アトピー性皮膚炎の発症や悪化を防ぐためには、「皮膚のバリア機能を守ること」と「刺激因子を遠ざけること」**の2点が極めて重要です。
2026年現在の最新の知見に基づいた、今後10年を見据えた具体的な対処法をまとめました。
- 「バリア機能」の維持(保湿の徹底)
皮膚の表面にある角質層が正常に機能していれば、アレルゲンの侵入を防げます。
- 1日2回の保湿: 入浴後(10分以内)だけでなく、朝も保湿剤を塗ることで、1日中バリア機能を維持します。
- 正しい洗浄: 石鹸をしっかり泡立て、手で優しく洗います。ナイロンタオルなどでこすると、バリア機能が物理的に破壊されるため厳禁です。
- 38〜40℃のぬるま湯: 熱すぎるお湯は、皮膚の保湿成分であるセラミドを流し出してしまうため、ぬるめのお湯を選んでください。
- 環境因子(アレルゲン・刺激物)の除去
外からの刺激を最小限に抑えます。
- 衣類の素材選び: 化学繊維(ポリエステルやナイロン)は静電気を発生させ、皮膚の痒みを誘発します。肌に直接触れるものは、オーガニックコットン(GOTS認証等)などの低刺激な天然素材を選ぶのが理想的です。

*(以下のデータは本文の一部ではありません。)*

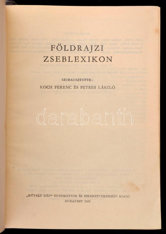 Földrajzi zseblexikon. Szerk.: Koch Ferenc, Petres László. Bp., 1955, "Művelt Nép" Tudományos és Ismeretterjesztő Kiadó. Kiadói egészvászon-kötés.

- ダニ・ハウスダスト対策: こまめな掃除と寝具の乾燥を行い、室内環境を清潔に保ちます。
- 汗の処理: 汗は放置すると刺激物になります。汗をかいたら濡れタオルで押さえるように拭くか、早めにシャワーで流してください。
- 腸内環境と食事の管理
免疫の7割は腸にあると言われており、皮膚の状態と密接に関係しています。
- 食物繊維と発酵食品: 腸内細菌叢(マイクロバイオーム)を整えることで、免疫系の過剰反応を抑えます。
- 良質な脂質の摂取: オメガ3系脂肪酸(魚油や亜麻仁油など)は炎症を抑える働きがあります。逆に、加工食品に含まれる添加物や過剰な糖分は炎症を助長する可能性があります。
- ストレスケアと睡眠
- 自律神経の安定: ストレスは皮膚の痒みを感じる閾値を下げてしまいます。
- 質の高い睡眠: 皮膚の修復は睡眠中に行われます。特に2026年現在はデジタル機器による睡眠の質の低下が懸念されているため、就寝前のスクリーンタイム制限も有効です。